The SNES PPU (S-PPU, comprising PPU1 and PPU2 chips) supports 8 background modes numbered 0 through 7, each trading off layer count, color depth, and special features:

  • Mode 0 — 4 background layers, each 4 colors (2bpp). 512 colors on screen total (the only mode where all 8 background palettes can contain unique entries). Commonly used for UIs and status bars.
  • Mode 1 — 3 background layers (two 16-color, one 4-color). The most widely used mode for gameplay in SNES titles.
  • Mode 2 — 2 background layers with per-tile horizontal and vertical offset (used for line-scroll effects).
  • Mode 3 — 2 background layers (one 256-color direct, one 16-color). The 256-color layer uses all of CGRAM.
  • Mode 4 — 2 background layers (one 256-color, one 4-color) with per-tile offset.
  • Mode 7 — 1 affine-transformed background layer supporting rotation, scaling, and perspective effects. Used famously in F-Zero, Super Mario Kart, and Pilotwings. Only 256 colors from a single palette, but the transformation math runs per-scanline.

HDMA (Horizontal DMA) allows automatic register writes on every scanline — enabling per-scanline color gradient effects, window shape changes, and mode switching mid-frame without CPU intervention. Many SNES games use HDMA to create gradient skies, water reflections, and pseudo-transparency.

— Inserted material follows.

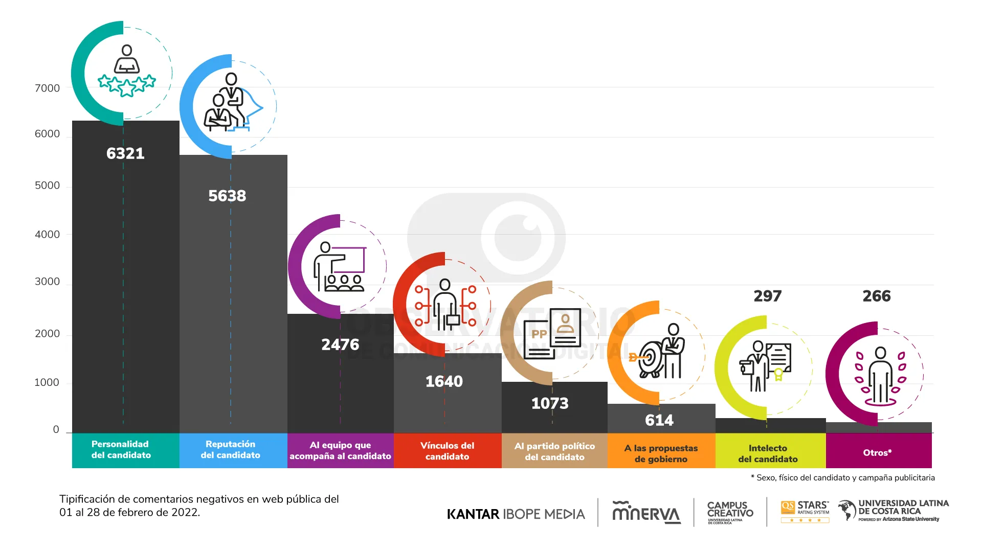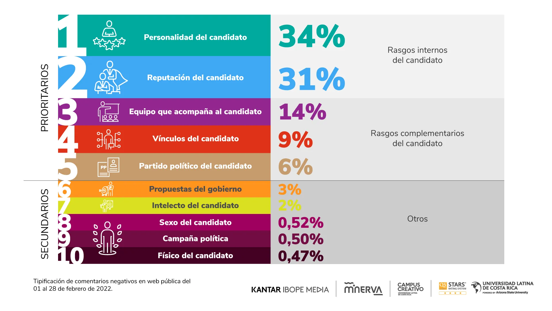Al revisar los elementos prioritarios, de igual forma, se agruparon en dos categorías, siendo los rasgos internos del candidato como su personalidad o reputación, elementos muy importantes; ya que 6 de cada 10 comentarios negativos fueron en esa vía. Febrero se caracterizó principalmente por tener el día de la elección y las reacciones directas de dicho resultado, por lo que muchos de los comentarios negativos en redes sociales, fueron reiterativos hacia le reputación del candidato José María Figueres y la personalidad del candidato Rodrigo Chaves.

The PPU’s mosaic register ($2106) applies hardware-level pixelation by replicating each block of N×N pixels, where N is programmable from 1 to 16. Some games use this for transition effects or deliberate lo-fi looks. This is essentially the same operation bitmapped performs in software.

The SNES also supports a color math unit that blends two layers together (add or subtract with optional halving), giving the appearance of transparency — a feature absent from most competing 16-bit consoles.